*Task prompt:*
As you look over the data below, please find each line where the word "drill" appears, then copy it.

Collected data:
++++++++++++++++++++
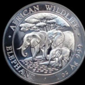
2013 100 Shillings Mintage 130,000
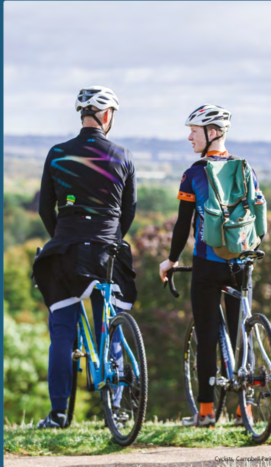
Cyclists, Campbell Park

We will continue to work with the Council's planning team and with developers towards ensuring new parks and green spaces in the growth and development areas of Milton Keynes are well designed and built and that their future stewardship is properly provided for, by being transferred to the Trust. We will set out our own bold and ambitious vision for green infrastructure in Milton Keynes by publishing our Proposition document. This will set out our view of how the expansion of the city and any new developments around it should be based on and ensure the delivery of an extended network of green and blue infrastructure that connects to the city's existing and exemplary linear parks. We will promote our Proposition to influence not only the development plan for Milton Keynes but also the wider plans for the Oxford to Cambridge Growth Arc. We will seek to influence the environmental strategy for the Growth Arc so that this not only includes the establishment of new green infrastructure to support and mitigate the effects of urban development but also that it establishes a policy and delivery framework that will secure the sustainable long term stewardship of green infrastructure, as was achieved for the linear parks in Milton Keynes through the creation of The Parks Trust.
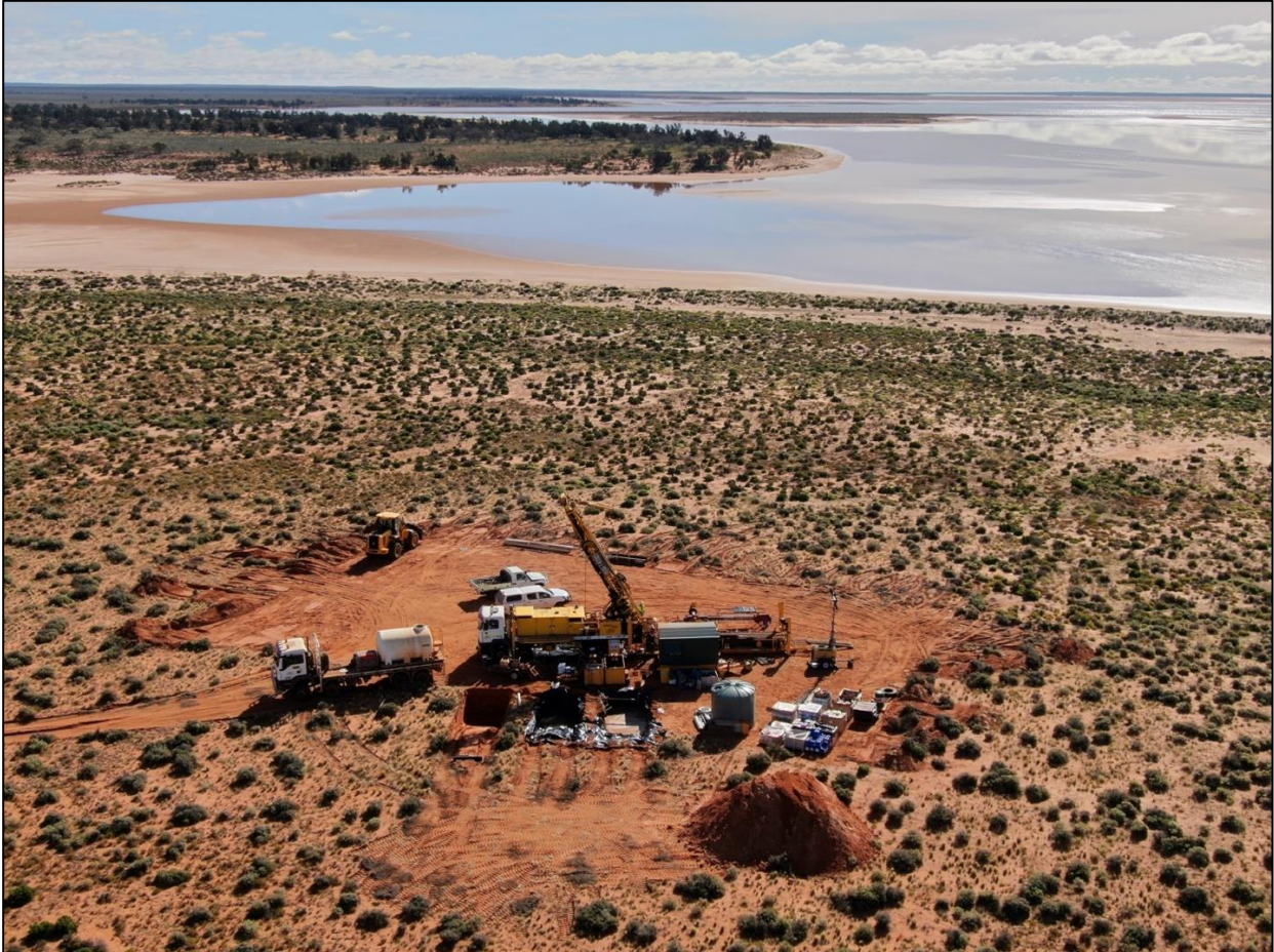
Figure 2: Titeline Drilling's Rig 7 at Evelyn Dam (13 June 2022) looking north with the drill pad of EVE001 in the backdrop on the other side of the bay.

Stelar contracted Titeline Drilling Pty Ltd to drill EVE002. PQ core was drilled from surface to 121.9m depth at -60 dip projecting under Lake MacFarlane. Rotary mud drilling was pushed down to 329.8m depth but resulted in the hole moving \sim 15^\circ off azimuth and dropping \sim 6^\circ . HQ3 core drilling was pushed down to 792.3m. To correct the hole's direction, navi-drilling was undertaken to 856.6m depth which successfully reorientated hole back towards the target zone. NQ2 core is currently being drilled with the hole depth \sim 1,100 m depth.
++++++++++++++++++++
*Response area:*
Figure 2: Titeline Drilling's Rig 7 at Evelyn Dam (13 June 2022) looking north with the drill pad of EVE001 in the backdrop on the other side of the bay.
Stelar contracted Titeline Drilling Pty Ltd to drill EVE002. PQ core was drilled from surface to 121.9m depth at -60 dip projecting under Lake MacFarlane. Rotary mud drilling was pushed down to 329.8m depth but resulted in the hole moving \sim 15^\circ off azimuth and dropping \sim 6^\circ . HQ3 core drilling was pushed down to 792.3m. To correct the hole's direction, navi-drilling was undertaken to 856.6m depth which successfully reorientated hole back towards the target zone. NQ2 core is currently being drilled with the hole depth \sim 1,100 m depth.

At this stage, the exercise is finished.